5- Par ailleurs, nous voulons tenir compte de la nouvelle nature de l’interface ville-port, à la fois fragmentée, déconcentrée et multiscalaire, qui complique beaucoup les relations entre la ville et le port, pris dans des enjeux qui dépassent le cadre local et régional. L’analyse de la proximité euclidienne à l’interface ville-port ne suffit donc plus.

Nous pensons que l’analyse de certaines proximités relationnelles (Hall et Jacobs 2010) entre la ville et le port peut être un outil d’analyse pour construire une nouvelle symbiose territoriale

profitable. Nous intégrons donc les proximités relationnelles comme méta-concept dans notre cadre théorique.

6- Enfin, lorsque l’on réfléchit sur un territoire, la maîtrise de l’espace-temps est une évidence. Il s’agit d’une préoccupation ancienne en géographie. Avec les processus territoriaux actuels, cette dialectique traditionnelle se trouve renouvelée. Or, l’écologie politique étant très attentive à l’équité spatiale, la volonté de maîtriser l’espace-temps est au cœur de cette approche intellectuelle. Elle peut être le moyen de conjuguer les préoccupations portuaires (maîtrise du temps) et les préoccupations urbaines (maîtrise de l’espace) dans le contexte présent (Sheppard 2002 ; Hesse 2010 ; Woudsma 2012). Nous pensons que la positionnalité du territoire peut nous servir de méta-concept dans la mesure où Sheppard (2002) y voit le moyen de localiser les activités économiques de façon adéquate à la fois pour l’entreprise et pour le territoire. Ainsi, sans le dire dans ces termes, Sheppard recherche le moyen de concilier les perspectives entrepreneuriale et sociétale pour construire un territoire à la fois compétitif économiquement et préservé d’un point de vue socio-écologique. La positionnalité du territoire suppose donc l’adoption de critères à la fois liés aux flux économiques (le temps) et au territoire (l’espace) pour une bonne maîtrise de l’espace-temps. Reposant sur une perspective mixte conciliant les différents enjeux éco-socio-écologiques, ce concept nous semble particulièrement pertinent à transposer dans les relations ville-port. Hesse (2008 ; 2010) et Woudsma (2012) ont ébauché une telle démarche mais celle-ci reste largement à théoriser dans les relations ville-port.

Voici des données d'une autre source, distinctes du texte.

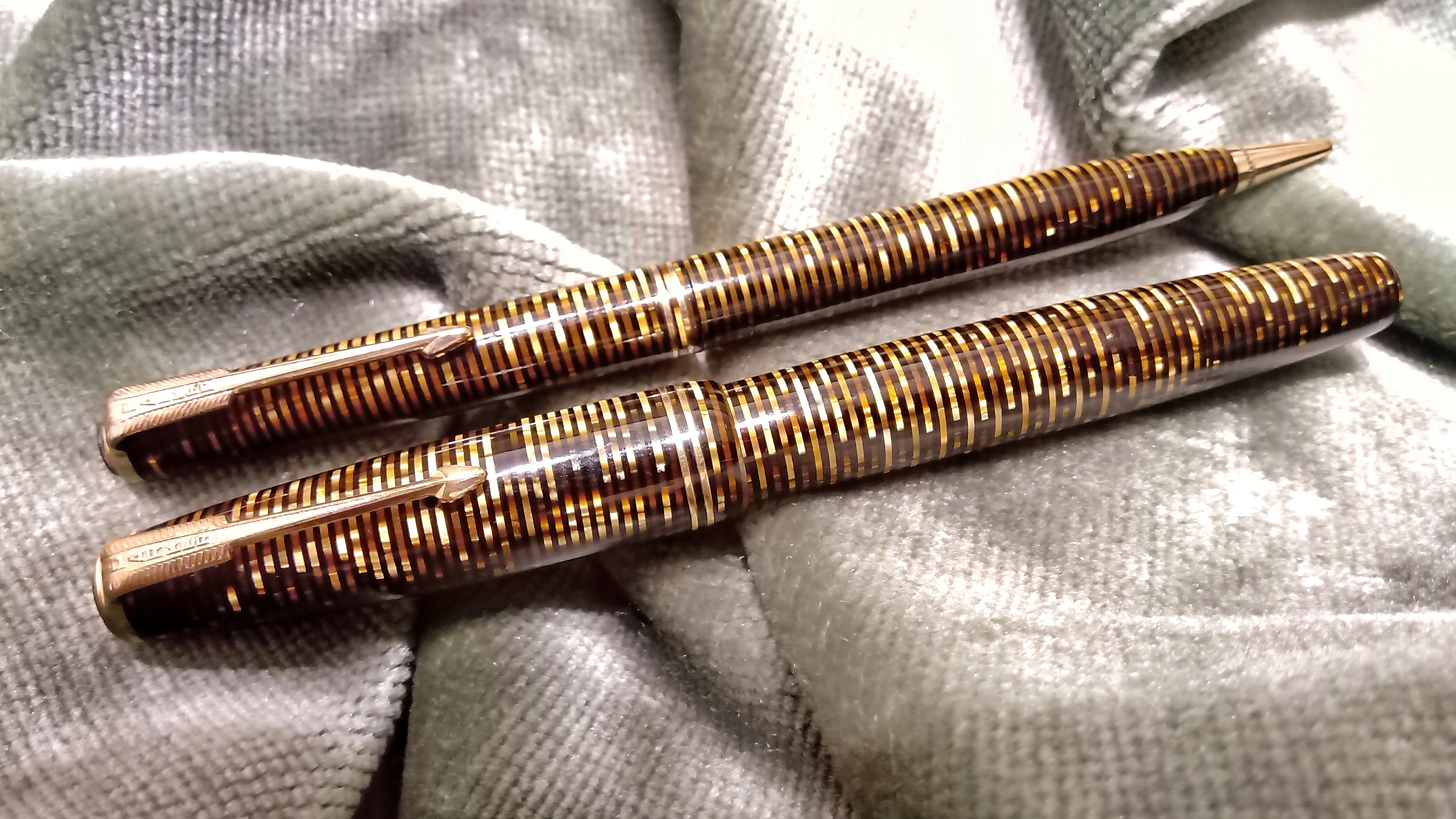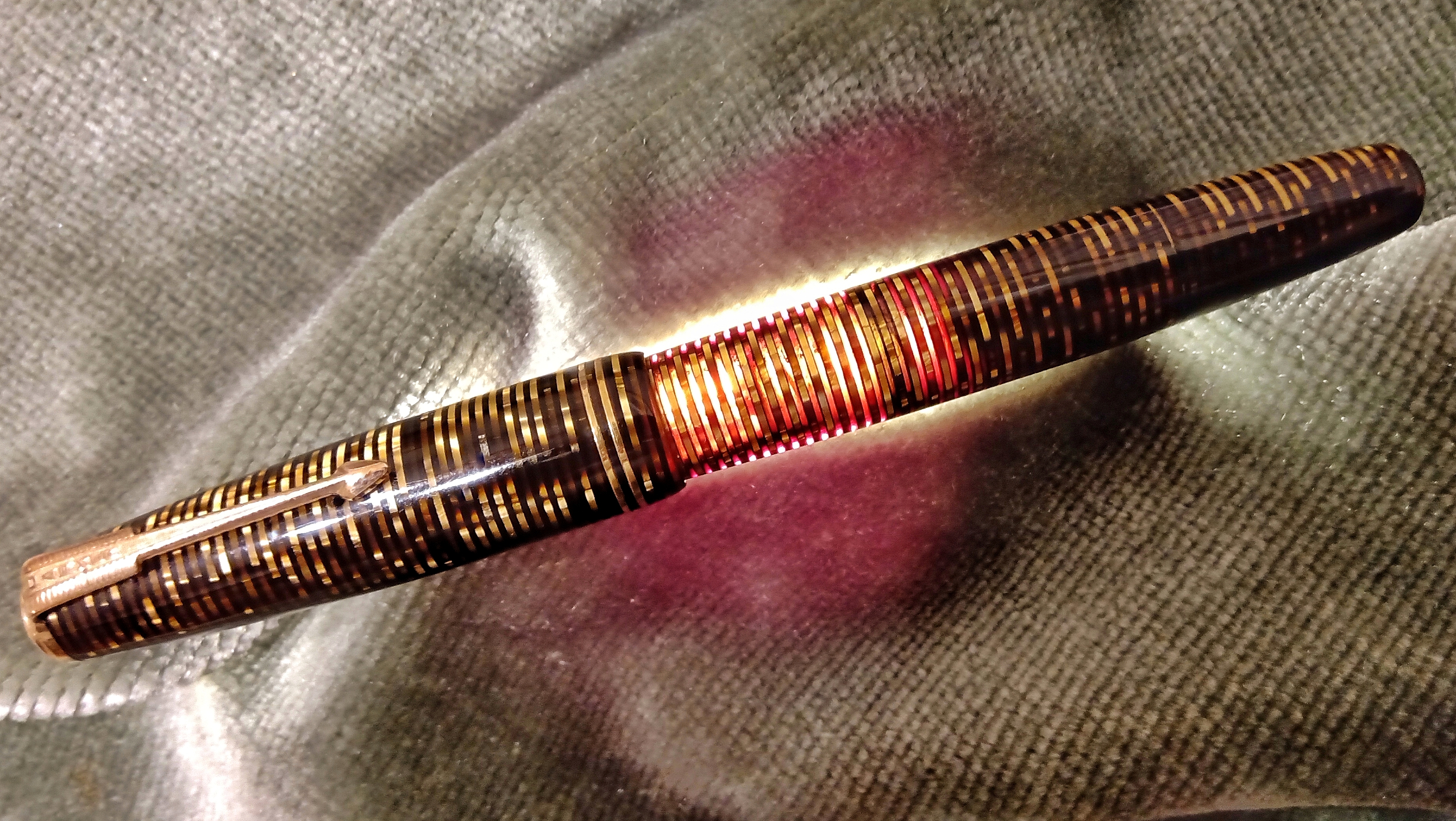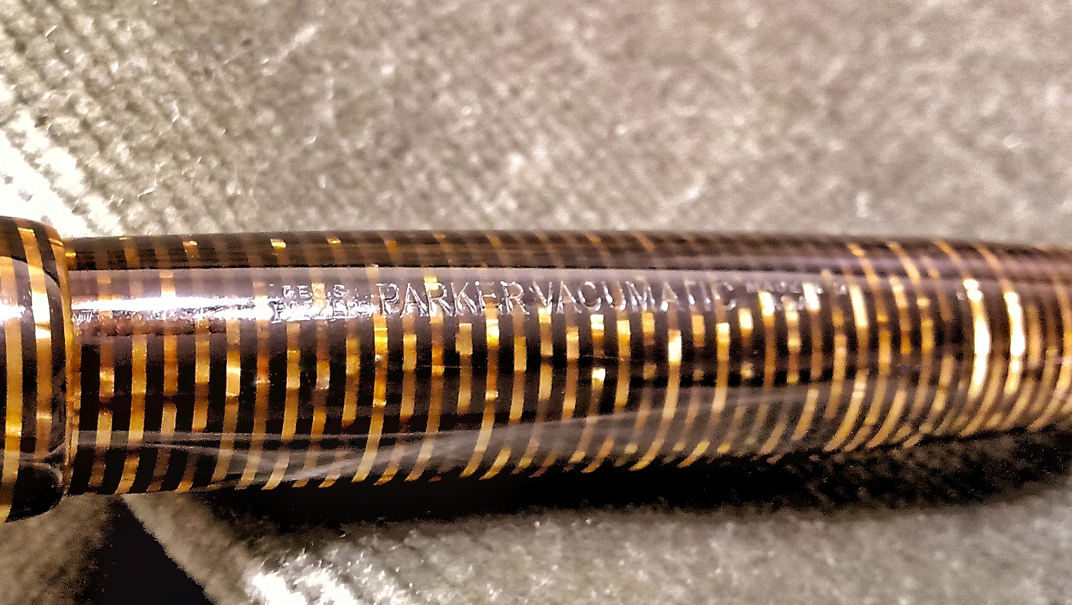 Oggi volevo condividere con voi il una penna stilografica, portamine e cofanetto, di un prodotto Parker che si chiamava Vacumatic Debutante Junior, una bellissima penna realizzata in celluloide laminata con anelli dorati sulla sua struttura, sistema di ricarica vacumatic, a vista pennino semiflessibile in oro, serbatoio dell'inchiostro traslucido, cappuccio con doppi anelli laminati in oro e un semplice gioiello nero a coronamento della sua clip, anch'esso in oro laminato.

Ainsi, l’attention portée à la positionnalité du territoire est un gage de réduction de la vulnérabilité territoriale et d’adéquation entre les intérêts des différents acteurs. Elle permet de construire une gouvernance territoriale collaborative mutuellement profitable.

Nous adopterons donc une démarche d’écologie territoriale, soutenue par les méta-concepts de positionnalité et de proximités relationnelles.

Le nouveau paradigme Homme/Nature de l’écologie politique peut renouveler considérablement les études portuaires et ses approches théoriques. La théorie des systèmes

socio-écologiques, pour sa part, offre un nouveau cadre intéressant, applicable aux relations ville-port.